The metabolism of nitrogen in microorganisms mainly includes reaction processes such as nitrogen fixation, denitrification, nitrification, reduction of dissimilatory nitrate to ammonia, and reduction of assimilated nitric acid to ammonia (Albertsen et al. 2012; Yang et al. 2014). It can be seen from Figure 8 that in the five reaction processes plotted, there are mainly 14 functional genes including NarGHI, NapAB, NarB, NasAB, NifDKH, AmoCAB, NirK, NirS, NirBD, NrfAH, Hao, NorBC, NxrAB and NosZ. The functional genes related to denitrification (NarGHI, NapAB, NirK, NorBC, NosZ, NirS) have the highest relative abundance, reaching 188, followed by the functional genes related to nitrification (AmoCAB, Hao, NxrAB, 75), dissimilatory nitrate reduction to ammonia-related functional genes (NirBD, NrfAH, 42), and assimilation nitrate reduction to ammonia-related functional genes (NarB, NasAB, 13).

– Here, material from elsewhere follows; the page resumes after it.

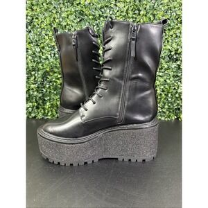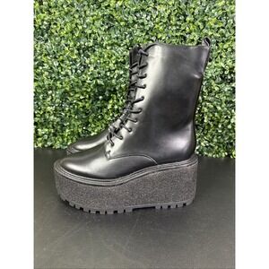 Circus NY by Sam Edelman Slater Black Faux Leather Combat Lace Up Boots Size 7.5

In the five reaction processes of denitrification, nitrification and denitrification dominate and play a key role in MBBR denitrification. At the same time, there are short-term nitrification and denitrification in the reactor. Among them, responsible for encoding EC: 1.7.99.4 denitrification enzyme, the NarGHI gene content concerning the nitrate to nitrite conversion process is the most abundant; responsible for encoding EC: 1.14.18.3 1.14.99.39 nitrification enzyme, EC: 1.7.2.6 nitrification enzyme, AmoCAB and Hao genes involved in the conversion of ammonia nitrogen to nitrite nitrogen and nitrate nitrogen are relatively low, indicating a low AOB abundance. Judging from the quality of the effluent, ammonia nitrogen is the main nitrogen element, which also confirms the result. This may be one of the reasons why the MBBR reactor failed to achieve higher ammonia removal rate.
CONCLUSION
The average efficiency of MBBR effluent denitrification in each stage of P1–P5 reached 63.63%; analysis of the NO2−-N and NO3−-N concentration change curves in the water revealed that there was a short-range nitrification and denitrification reaction in the MBBR denitrification reaction.

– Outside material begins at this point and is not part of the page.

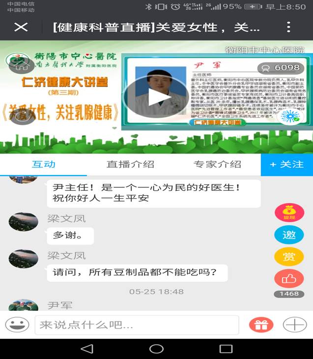 仁濟健康大講堂在華新院區(qū)開講了 發(fā)布時間:2018年5月29日 預覽:2504次 通訊員楊柳報道:5月25日,市中心醫(yī)院仁濟健康大講堂第3期在華新院區(qū)開講。本期大講堂特邀乳甲外科尹軍主任以《關愛女性健康遠離乳腺疾病》為題,為患者及家屬講解乳腺癌的預防和治療。該講堂用圖文并茂的形式,深入淺出地為大家普及醫(yī)療知識,風趣的授課方式吸引了100余名市民朋友和患者到場聽課,現(xiàn)場還通過微信進行了網(wǎng)絡直播。 課堂開始從流行病學角度以通俗易懂的語言和圖片向聽眾介紹了乳腺癌在我國的發(fā)病情況,逐層深入地介紹如何從病因進行預防。隨后,現(xiàn)場指導大家如何自己在家中進行簡單的體查,并告訴大家隨著醫(yī)學科學的發(fā)展和治療手段的改進,惡性腫瘤的治愈率不斷提高,希望通過本次講堂讓更多患者和家屬更加清晰地認識到乳腺癌的發(fā)生與發(fā)展,幫助患者掃除疑慮,積極治療,為大家普及健康知識。課后大家在課堂上就自身遇到的問題積極提問,尹主任一一作了詳細的回答。 《仁濟健康大講堂》是市中心醫(yī)院內(nèi)部各科室專家聯(lián)動舉辦的系列課程,科普講座以服務患者,提高健康知識知曉率,提高全民健康素養(yǎng),讓更多百姓受益。是醫(yī)院公益性的一項工作。醫(yī)院努力創(chuàng)造出一種人文化就醫(yī)環(huán)境,一切以患者為中心,在疾病治療進程中,醫(yī)患關系更加融洽,高效、優(yōu)質(zhì)地為病友提供診療服務。 仁濟直播間在線互動答疑 仁濟大講堂現(xiàn)場

The results of 16SrDNA of P1–P5 microbial samples found that changes in the concentration of ammonia nitrogen in the influent produced significant changes in the composition of the microbial community in MBBR, and the genera Ottowia and Flavobacterium played an important role in the nitrogen removal of the MBBR system.
Metabolic pathways using redundant analysis of functional genes show that MBBR biofilms have the largest number of functional genes related to metabolism, rich metabolic diversity, and the highest relative abundance of functional genes related to denitrification (NarGHI, NapAB, NirK, NorBC, NosZ, NirS, 188), followed by nitrification-related functional genes (AmoCAB, Hao, NxrAB, 75). Nitrification and denitrification dominate the denitrification reaction, of which, involved in the conversion of nitrate to nitrite the NarGHI gene content is the most abundant in the salt reaction process, while the AmoCAB and Hao gene content involved in the conversion process of ammonia nitrogen to nitrite nitrogen and nitrate nitrogen is less.
DATA AVAILABILITY STATEMENT
All relevant data are included in the paper or its Supplementary Information.